EXPORT_PATH = 'gs://' + BUCKET_NAME + '/mdl/tabular_data/tabular_data_20211117_172620/model/'

MODEL = 'bike'
VERSION = 'v1'

In [3]:
import pandas as pd
import tensorflow as tf
from explainable_ai_sdk.metadata.tf.v2 import SavedModelMetadataBuilder

2021-11-17 17:41:40.157364: W tensorflow/stream_executor/platform/default/dso_loader.cc:64] Could not load dynamic library 'libcudart.so.11.0'; dlerror: libcudart.so.11.0: cannot open shared object file: No such file or directory
2021-11-17 17:41:40.157406: I tensorflow/stream_executor/cuda/cudart_stub.cc:29] Ignore above cudart dlerror if you do not have a GPU set up on your machine.


# Inspect model's signature

When using TensorFlow 2.x, you export the model as a `SavedModel` and load it into Cloud Storage. 

## Using command line

Use TensorFlow's `saved_model_cli` to inspect the model's SignatureDef. You'll use this information when you deploy your model to AI Explanations in the next section.

In [4]:
! saved_model_cli show --dir $EXPORT_PATH --all

2021-11-17 17:41:41.780912: W tensorflow/stream_executor/platform/default/dso_loader.cc:64] Could not load dynamic library 'libcudart.so.11.0'; dlerror: libcudart.so.11.0: cannot open shared object file: No such file or directory
2021-11-17 17:41:41.780955: I tensorflow/stream_executor/cuda/cudart_stub.cc:29] Ignore above cudart dlerror if you do not have a GPU set up on your machine.

MetaGraphDef with tag-set: 'serve' contains the following SignatureDefs:

signature_def['__saved_model_init_op']:
  The given SavedModel SignatureDef contains the following input(s):
  The given SavedModel SignatureDef contains the following output(s):
    outputs['__saved_model_init_op'] tensor_info:
        dtype: DT_INVALID
        shape: unknown_rank
        name: NoOp
  Method name is: 

signature_def['serving_default']:
  The given SavedModel SignatureDef contains the following input(s):
    inputs['dense_input'] tensor_info:
        dtype: DT_FLOAT
        shape: (-1, 6)
        name: serving_defa

## Using TensorFlow API

In [5]:
model = tf.keras.models.load_model(EXPORT_PATH)
# Print the names of your tensors
print('Model input tensor: ', model.input.name)
print('Model output tensor: ', model.output.name)



2021-11-17 17:41:51.069387: W tensorflow/stream_executor/platform/default/dso_loader.cc:64] Could not load dynamic library 'libcuda.so.1'; dlerror: libcuda.so.1: cannot open shared object file: No such file or directory
2021-11-17 17:41:51.069481: W tensorflow/stream_executor/cuda/cuda_driver.cc:269] failed call to cuInit: UNKNOWN ERROR (303)
2021-11-17 17:41:51.069517: I tensorflow/stream_executor/cuda/cuda_diagnostics.cc:156] kernel driver does not appear to be running on this host (INJ-NB-126): /proc/driver/nvidia/version does not exist
2021-11-17 17:41:51.069946: I tensorflow/core/platform/cpu_feature_guard.cc:142] This TensorFlow binary is optimized with oneAPI Deep Neural Network Library (oneDNN) to use the following CPU instructions in performance-critical operations:  AVX2 FMA
To enable them in other operations, rebuild TensorFlow with the appropriate compiler flags.

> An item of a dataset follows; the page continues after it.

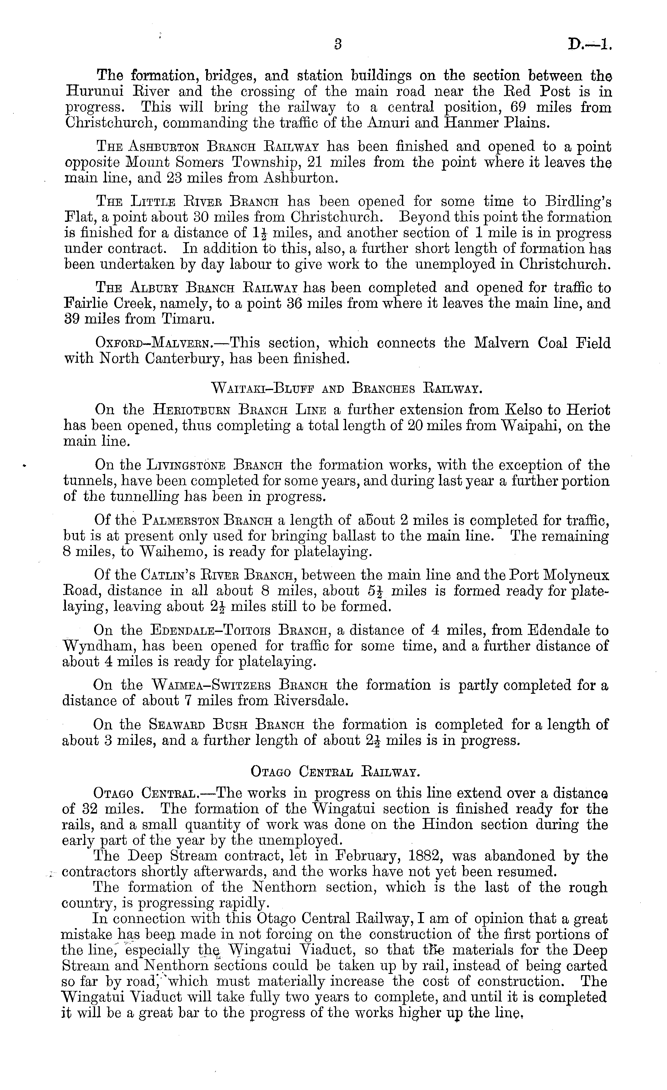 The formation, bridges, and station buildings on the section between the Hurunui Eiver and the crossing of the main road near the Eed Post is in progress. This will bring the railway to a central position, 69 miles from Christchurch, commanding the traffic of the Amuri and Hanmer Plains. The Ashbueton Beanch Eailway has been finished and opened to a point opposite Mount Somers Township, 21 miles from the point where it leaves the main line, and 23 miles from Ashburton. The Little Eiver Branch has been opened for some time to Birdling's Flat, a point about 30 miles from Christchurch. Beyond this point the formation is finished for a distance of 1| miles, and another section of 1 mile is in progress under contract. In addition to this, also, a further short length of formation has been undertaken by day labour to give work to the unemployed in Christchurch. The Albuey Beanch Eailway has been completed and opened for traffic to Fairlie Creek, namely, to a point 36 miles from where it leaves the main line, and 39 miles from Timaru. Oxford-Malvebn. —This section, which connects the Malvern Coal Field with North Canterbury, has been finished. Waitaki-Blufe and Branches Eailway. On the Heriotbubn Branch Line a further extension from Kelso to Heriot has been opened, thus completing a total length of 20 miles from Waipahi, on the main line. On the Livingstone Beanch the formation works, with the exception of the tunnels, have been completed for some years, and during last year a further portion of the tunnelling has been in progress. Of the Palmerston Branch a length of about 2 miles is completed for traffic, but is at present only used for bringing ballast to the main line. The remaining 8 miles, to Waihemo, is ready for platelaying. Of the Catlin's Eiver Branch, between the main line and the Port Molyneux Eoad, distance in all about 8 miles, about 5J miles is formed ready for platelaying, leaving about 2^ miles still to be formed. On the Edendale-Toitois Beanch, a distance of 4 miles, from Edendale to Wyndham, has been opened for traffic for some time, and a further distance of about 4 miles is ready for platelaying. On the Waimea-Switzers Branch the formation is partly completed for a distance of about 7 miles from Eiversdale. On the Seaward Bush Branch the formation is completed for a length of about 3 miles, and a further length of about 2| miles is in progress. Otago Central Eailway. Otago Central, —The works in progress on this line extend over a distance of 32 miles. The formation of the Wingatui section is finished ready for the rails, and a small quantity of work was done on the Hindon section during the early part of the year by the unemployed. The Deep Stream contract, let in February, 1882, was abandoned by the contractors shortly afterwards, and the works have not yet been resumed. The formation of the Nenthorn section, which is the last of the rough country, is progressing rapidly. In connection with this Otago Central Eailway, I am of opinion that a great mistake has been made in not forcing on the construction of the first portions of the line, especially the Wingatui Viaduct, so that trie materials for the Deep Stream and Nenthorn sections could be taken up by rail, instead of being carted so far by roadj "which must materially increase the cost of construction. The Wingatui Viaduct will take fully two years to complete, and until it is completed it will be a great bar to the progress of the works higher up the line,

Model input tensor:  dense_input
Model output tensor:  dense_2/BiasAdd:0


# Deploy the model to AI Explanations

In order to deploy the model to Explanations, you need to generate an `explanations_metadata.json` file and upload this to the Cloud Storage bucket with your SavedModel. Then you'll deploy the model using `gcloud`.

## Prepare explanation metadata

In order to deploy this model to AI Explanations, you need to create an explanation_metadata.json file with information about your model inputs, outputs, and baseline. You can use the [Explainable AI SDK](https://pypi.org/project/explainable-ai-sdk/) to generate most of the fields. 

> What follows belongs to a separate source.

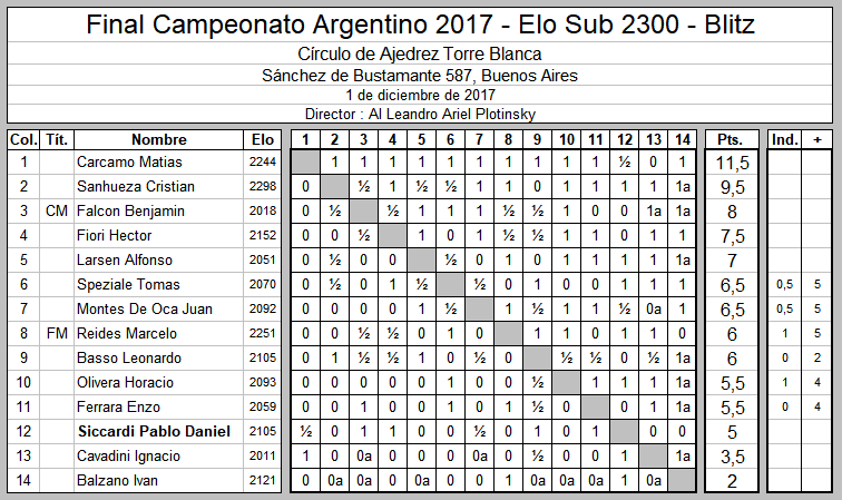 Pablo Siccardi finalizó en la novena posición de la final del Campeonato Argentino Rápido (12’+3″) Sub 2300 disputado en la tarde del domingo ppdo. en el Círculo de Ajedrez Torre Blanca de Buenos Aires.
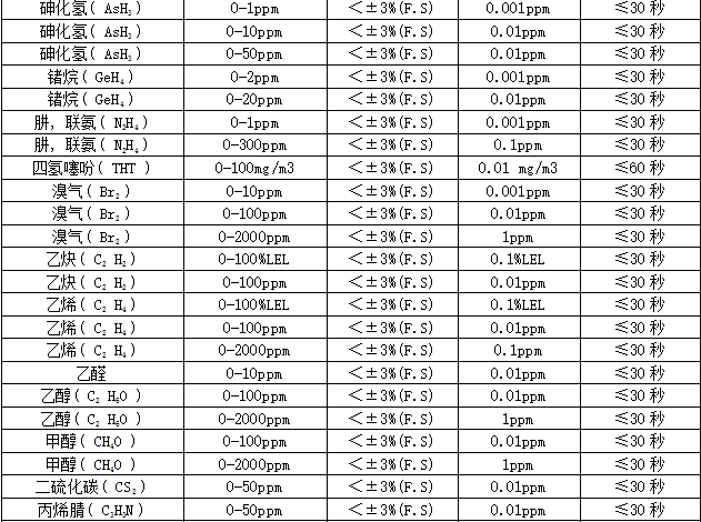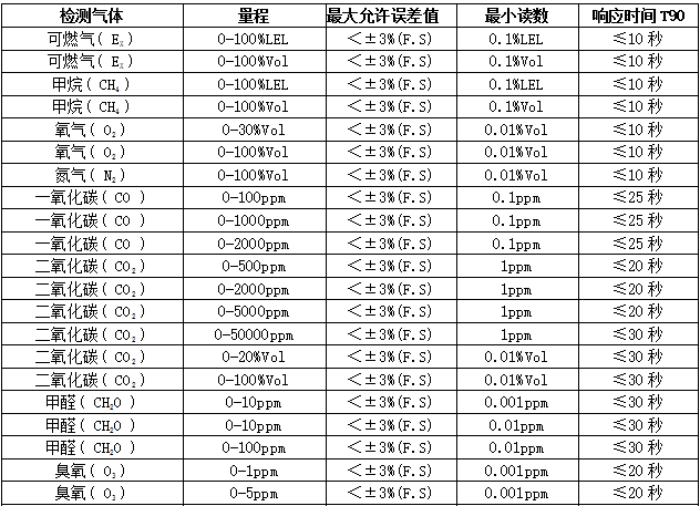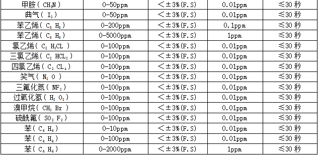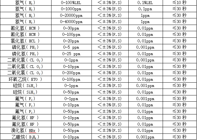 ¼ì²â¹æÄ££º0¡«1¡¢10¡¢100¡¢1000¡¢5000¡¢50000¡¢100000ppm¡¢200ºÁ¿Ë/Éý¡¢100%LEL¡¢20%¡¢50%¡¢100%Vol¿ÉÑ¡£¬ÆäËûÁ¿³Ì¿É¶©ÖÆ ¡£

The value for `input_baselines` tells the explanations service what the baseline input should be for your model. Here you're using the median for all of your input features. That means the baseline prediction for this model will be the trip duration your model predicts for the median of each feature in your dataset. 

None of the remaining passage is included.